A la base, la proposition de l’Union Européenne de supprimer les coûts liés au roaming avait pour but de nous faciliter la vie, finalement il se pourrait bien que ce soit l’inverse qui se produise. Pour vous replonger dans le contexte, revenons quelques mois en arrière et ressortons les temps forts de ce dossier.

Déjà, si la définition du roaming vous paraît un peu floue, dites-vous que lorsque vous voyagez au-delà des frontières avec votre appareil mobile, vous faites usage du roaming. Dans le cadre de l’itinérance, votre opérateur de téléphonie mobile et l’opérateur étranger travaillent ensemble pour que vous restiez joignable, voire connecté(e). Ce système vous permet de continuer à recevoir des appels, à téléphoner, à envoyer des sms, à surfer sur internet et à télécharger des données. Selon la loi définitivement adoptée, un certain mardi 27 octobre 2015 par le Parlement européen, tous les frais supplémentaires pour les appels, l’envoi de SMS ou l’utilisation de l’Internet mobile à l’étranger au sein de l’UE, sur téléphones ou tablettes, ne seront plus facturés à partir du 15 juin 2017.

Il y a quelques jours, l’AFP évoquait dans un article, la possibilité pour le consommateur qui téléphone ou surfe sur son réseau en itinérance à partir de 90 jours d’utilisation par an, de subir des coûts supplémentaires. Une proposition qui devrait encore être débattue et qui a son importance dans le débat, vous comprendrez tout en lisant la suite.

Dites bonjour aux « principes de résidence et aux liens stables »

Ce mercredi, la Commission européenne a donc dévoilé et proposé de nouvelles règles qui doivent être définitivement adoptées d’ici le 15 décembre 2016, révèle Numerama. Ces règles sont décrites par l’Union Européenne comme étant « principe de résidence ou de liens stables ». Elles seront appliquées pour vérifier le droit du consommateur d’utiliser sans frais supplémentaires une carte SIM provenant d’un autre état membre de l’UE. Ce qui signifie au final, qu’il n’y aura plus de limite de 90 jours de roaming sans frais par an. Retour à la case départ !

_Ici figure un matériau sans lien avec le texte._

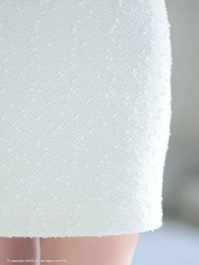 5. [an/アン] 高級ショルダー ビジュー キャミソール リボン ストレッチ ツイード ジップ タイトミニドレス
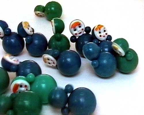 So, too, in the video work 3' Survival Attempts the frontal view of the images, the reduction of the selection of topics to just one central motif and its repetition are factors that play an important role in the mental re-channeling towards what lies behind the given image. Fourteen 'stand-up men' start to move about by means of an unknown power and can no longer be stopped. With ever increasing speed they drop directly into the unknown and disappear accompanied by the loud noise of explosions. 'Stand-up men' are not merely toys for children; they symbolise the capacity of the individuell to cope with problems. Whatever happens - a 'stand-up man' cannot be bowled over by anything and will always get up again, to start from scratch. The video takes up this motif in a literal sense by means of a loop procedure. The intense, almost shot-like banging together of the figures beyond the line of visibility does get 'under one's skin' and is physically perceived. The dolls as size-reduced representatives of human beings imitate the physical sphere and create an image for comparison of human actions within social contexts.
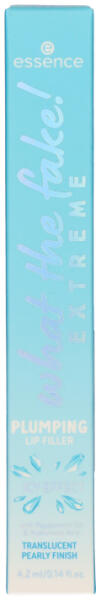 Transparent - ice ice baby! - az essence what the fake! ajakkitöltő extreme plumping lip filler, borsmenta olajjal, hialuronsavval és e-vitaminnal dúsítva láthatóan feltölti az ajkakat. Az átlátszó, csillogó felület fényes megjelenést kölcsönöz, és még teltebbé teszi az ajkakat.
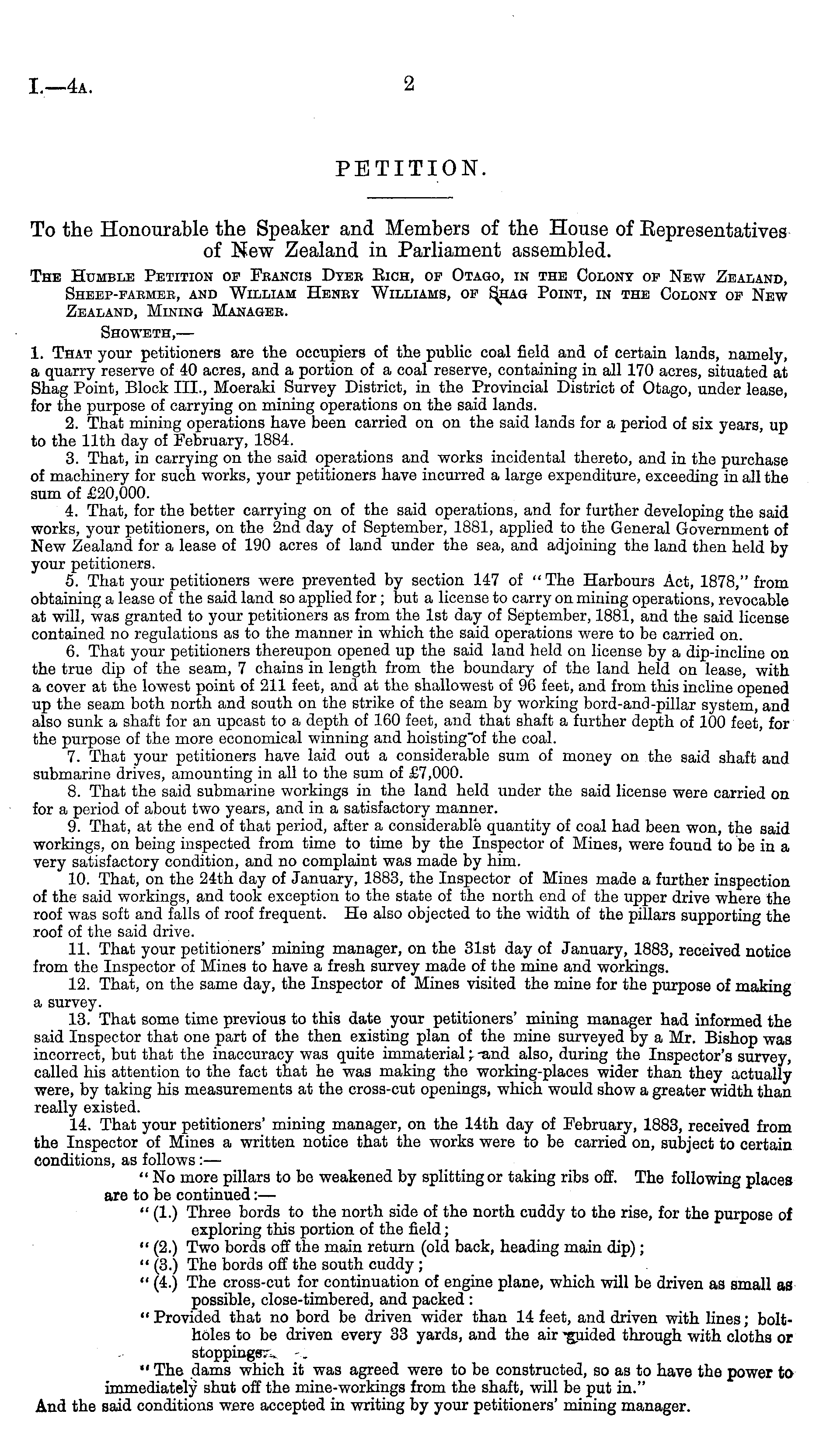 To the Honourable the Speaker and Members of the House of Bepresentatives of New Zealand in Parliament assembled. The Humble Petition of Francis Dyer Eich, of Otago, in the Colony of New Zealand, Sheep-farmer, and William Henry Williams, of S^hag Point, in the Colony of New Zealand, Mining Manager. Showeth, — 1. That your petitioners are the occupiers of the public coal field and of certain lands, namely, a quarry reserve of 40 acres, and a portion of a coal reserve, containing in all 170 acres, situated at Shag Point, Block 111., Moeraki Survey District, in the Provincial District of Otago, under lease, for the purpose of carrying on mining operations on the said lands. 2. That mining operations have been carried on on the said lands for a period of six years, up to the 11th day of February, 1884. 3. That, in carrying on the said operations and works incidental thereto, and in the purchase of machinery for such works, your petitioners have incurred a large expenditure, exceeding in all the sum of £20,000. 4. That, for the better carrying on of the said operations, and for further developing the said works, your petitioners, on the 2nd day of September, 1881, applied to the General Government of New Zealand for a lease of 190 acres of land under the sea, and adjoining the land then held by your petitioners. 5. That your petitioners were prevented by section 147 of "The Harbours Act, 1878," from obtaining a lease of the said land so applied for; but a license to carry on mining operations, revocable at will, was granted to your petitioners as from the Ist day of September, 1881, and the said license contained no regulations as to the manner in which the said operations were to be carried on. 6. That your petitioners thereupon opened up the said land held on license by a dip-incline on the true dip of the seam, 7 chains in length from the boundary of the land held on lease, with a cover at the lowest point of 211 feet, and at the shallowest of 96 feet, and from this incline opened up the seam both north and south on the strike of the seam by working bord-and-pillar system, and also sunk a shaft for an upcast to a depth of 160 feet, and that shaft a further depth of 100 feet, for the purpose of the more economical winning and hoisting'of the coal. 7. That your petitioners have laid out a considerable sum of money on the said shaft and submarine drives, amounting in all to the sum of £7,000. 8. That the said submarine workings in the land held under the said license were carried on for a period of about two years, and in a satisfactory manner. 9. That, at the end of that period, after a considerable quantity of coal had been won, the said workings, on being inspected from time to time by the Inspector of Mines, were found to be in a very satisfactory condition, and no complaint was made by him. 10. That, on the 24th day of January, 1883, the Inspector of Mines made a further inspection of the said workings, and took exception to the state of the north end of the upper drive where the roof was soft and falls of roof frequent. He also objected to the width of the pillars supporting the roof of the said drive. 11. That your petitioners' mining manager, on the 31st day of January, 1883, received notice from the Inspector of Mines to have a fresh survey made of the mine and workings. 12. That, on tho same day, the Inspector of Mines visited the mine for the purpose of making a survey. 13. That some time previous to this date your petitioners' mining manager had informed the said Inspector that one part of the then existing plan of the mine surveyed by a Mr. Bishop was incorrect, but that the inaccuracy was quite immaterial; and also, during the Inspector's survey, called his attention to the fact that he was making the working-places wider than they actually were, by taking his measurements at the cross-cut openings, which would show a greater width than really existed. 14. That your petitioners' mining manager, on the 14th day of February, 1883, received from the Inspector of Mines a written notice that the works were to be carried on, subject to certain conditions, as follows:— "No more pillars to be weakened by splitting or taking ribs off. The following places are to be continued:— " (1.) Three bords to the north side of the north cuddy to the rise, for the purpose of exploring this portion of the field; " (2.) Two bords off the main return (old back, heading main dip); " (3.) The bords off the south cuddy; " (4.) The cross-cut for continuation of engine plane, which will be driven as small as possible, close-timbered, and packed : " Provided that no bord be driven wider than 14 feet, and driven with lines; boltholes to be driven every 33 yards, and the air -guided through with cloths or stoppings. " The dams which it was agreed were to be constructed, so as to have the power to immediately shut off the mine-workings from the shaft, will be put in." And the said conditions were accepted in writing by your petitioners' mining manager.
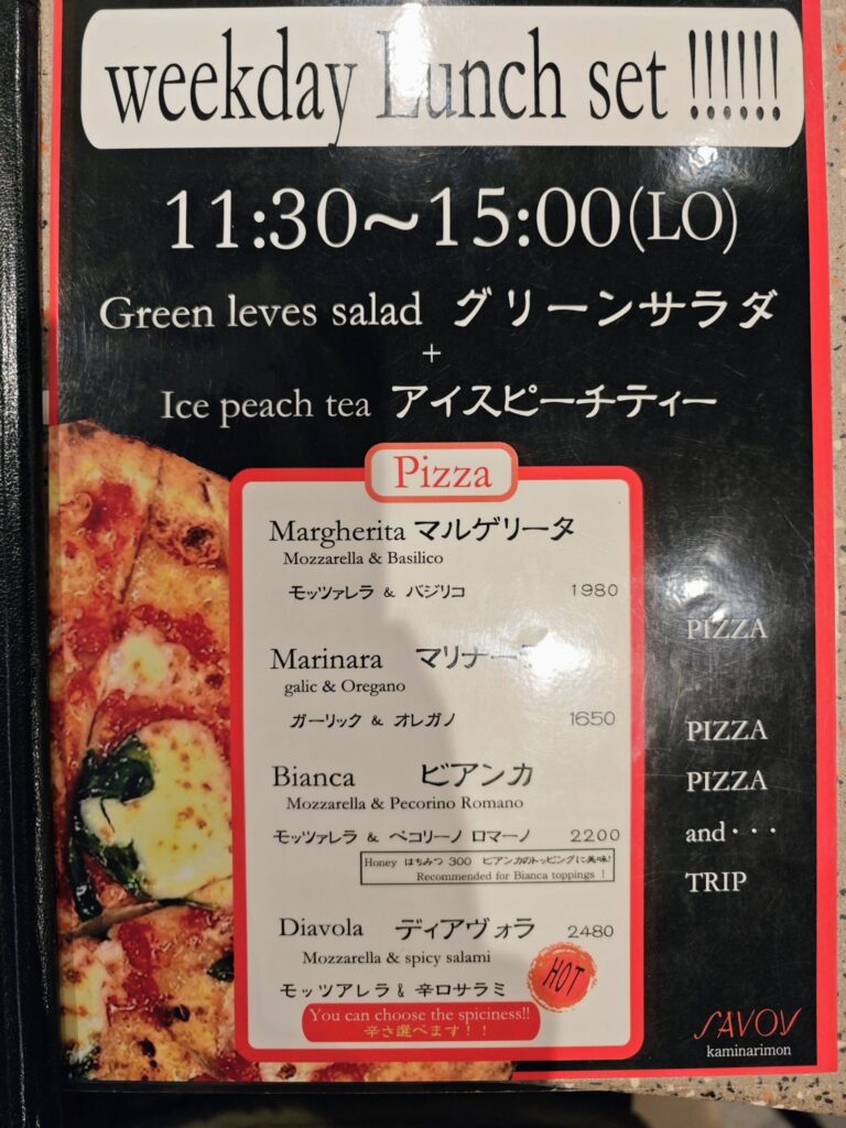 店主様に色々と話を伺ったところこの雷門店は“カウンター席を挟んで“店のスタッフ様と客の距離感がSAVOY系列の中で最も近い店”だそうです。全体的にフレンドリーで心地よいの中でピッツァを楽しむ事ができました。
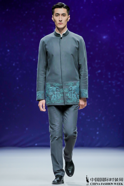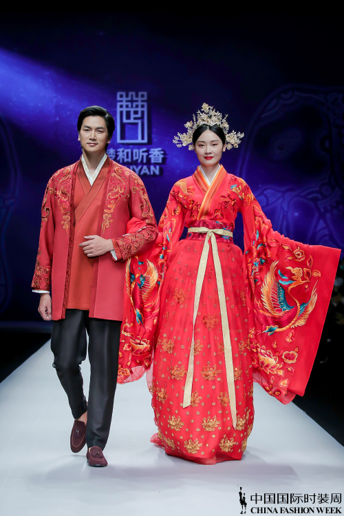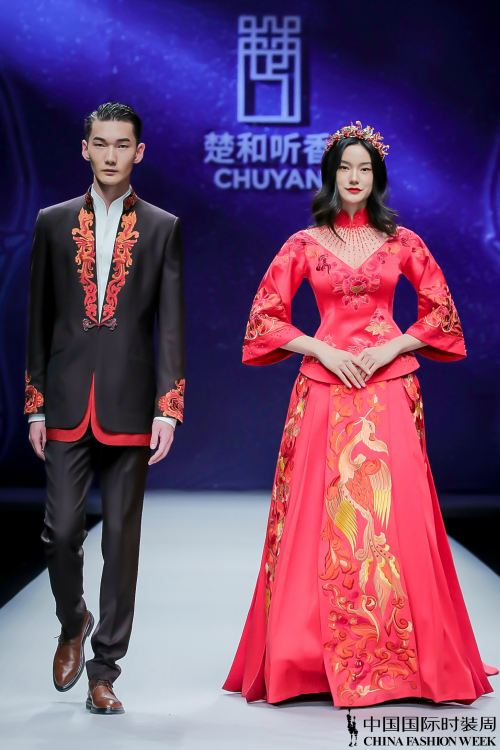 整个发布会作品分为「新中式·风度」、「新中式·正装」和「新中式·吉服」三个部分。
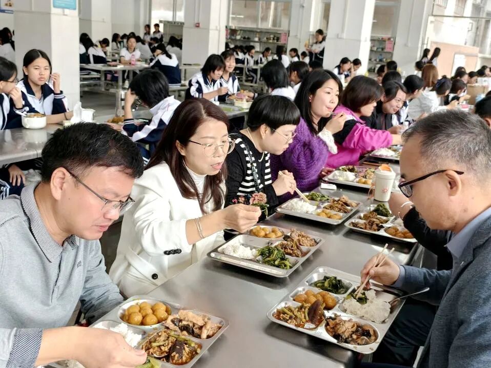 为直观感受学生日常就餐体验、实地监督校园餐饮服务质量,家长代表与学校领导一同走进学生饭堂开展陪餐活动,陪餐结束后所汇总的意见与建议,将成为后续优化菜谱、改进服务、提升管理的重要依据,真正实现了 “监督在过程中,改进在细节里” 的良性循环。
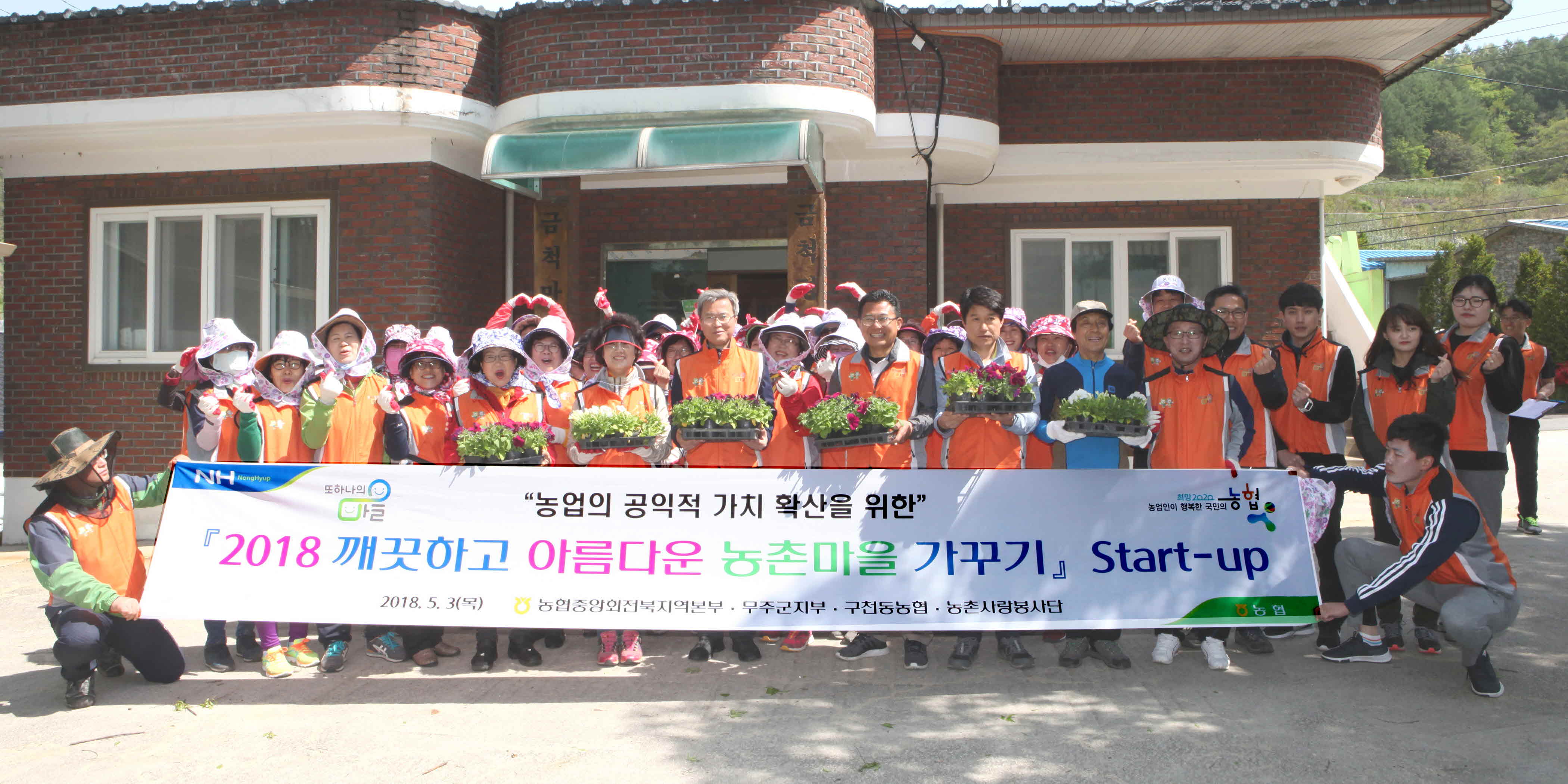 전북농협(본부장 유재도)은 아름다운 농촌경관 유지·발전을 위해 3일 전북 무주군 금척마을에서 ‘깨끗하고 아름다운 농촌마을 가꾸기 Start-up’ 캠페인과 농촌일손돕기를 실시했다. 농협은 지난해 말부터 농업·농촌의 공익적 가치가 헌법에 반영되어야 한다는 염원을 담아 1천 100만명의 서명을 이끌어내 국민적 공감대를 얻는데 성공했다. 여기에 그치지 않고 농협은 깨끗하고 아름다운 농촌경관 유지로 농업·농촌의 공익적 가치를 널리 알리고 농촌에서의 역할을 제시하는 의미로 이번 캠페인을 개최하였다. 이번 캠페인은 농업·농촌의 지속 가능성과 공익적 가치를 널리 알리고 국민의 공감대 확산을 위해 농촌마을 주도로 농촌을 깨끗하고 아름답게 가꾸고 보존·유지하기 위함이며 이를 통해 도시민의 관심과 방문을 촉진시켜 농촌의 다원적 가치를 높이기 위함이다. 이날, 무주군 무풍면 금척마을에서 유재도 전북농협 본부장, 송혁 무주군지부장, 양승욱 구천동농협조합장, 은경휘 농촌사랑봉사단 회장과 80여명의 농협 임직원, 농촌사랑봉사단 회원, 농업인 등이 참여한 가운데 ▴마을 꽃길조성(폐추니아 300포기, 1km), 농촌일손돕기(윤주형 농가, 사과 꽃따기, 2,000평) 등을 실시했다.

Pour mieux comprendre le concept, le rapport de la Commission cite quelques exemples de liens stables : les Français résidant en France pourront utiliser librement leur carte SIM française lors d’un voyage dans un pays d’Europe, parce qu’ils sont résidents de l’Europe. Autres concernés, les commerciaux qui traversent régulièrement l’Europe, les expatriés qui sont fréquemment présents dans leur pays d’origine ou encore, les étudiants Erasmus.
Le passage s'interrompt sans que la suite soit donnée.